(WHAT IS BEING ASKED)
From the line containing "1. Sine plate" to the line containing "Close your eyes" in the records below, set down every line exactly as it stands, both ends included, and skip the pictures.

(DATA FOR THE TASK)
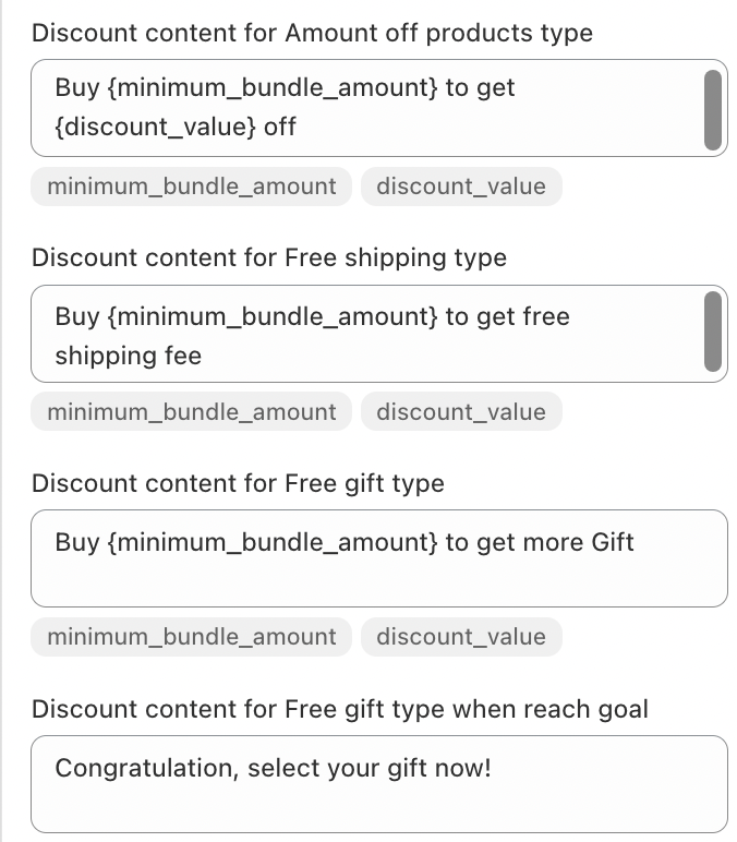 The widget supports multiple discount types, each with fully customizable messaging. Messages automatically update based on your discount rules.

==

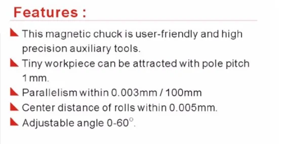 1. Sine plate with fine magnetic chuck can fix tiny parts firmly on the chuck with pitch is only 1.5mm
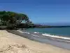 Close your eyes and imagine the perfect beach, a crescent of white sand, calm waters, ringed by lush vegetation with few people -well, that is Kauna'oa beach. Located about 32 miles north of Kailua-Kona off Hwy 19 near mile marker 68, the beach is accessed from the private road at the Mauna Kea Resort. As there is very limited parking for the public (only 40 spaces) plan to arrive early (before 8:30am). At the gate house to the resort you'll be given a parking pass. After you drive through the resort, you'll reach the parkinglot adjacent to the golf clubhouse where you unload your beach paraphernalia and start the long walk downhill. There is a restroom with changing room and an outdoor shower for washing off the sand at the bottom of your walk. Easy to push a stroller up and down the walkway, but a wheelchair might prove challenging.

(SOLVED EXERCISE)
 1. Sine plate with fine magnetic chuck can fix tiny parts firmly on the chuck with pitch is only 1.5mm
 Close your eyes and imagine the perfect beach, a crescent of white sand, calm waters, ringed by lush vegetation with few people -well, that is Kauna'oa beach. Located about 32 miles north of Kailua-Kona off Hwy 19 near mile marker 68, the beach is accessed from the private road at the Mauna Kea Resort. As there is very limited parking for the public (only 40 spaces) plan to arrive early (before 8:30am). At the gate house to the resort you'll be given a parking pass. After you drive through the resort, you'll reach the parkinglot adjacent to the golf clubhouse where you unload your beach paraphernalia and start the long walk downhill. There is a restroom with changing room and an outdoor shower for washing off the sand at the bottom of your walk. Easy to push a stroller up and down the walkway, but a wheelchair might prove challenging.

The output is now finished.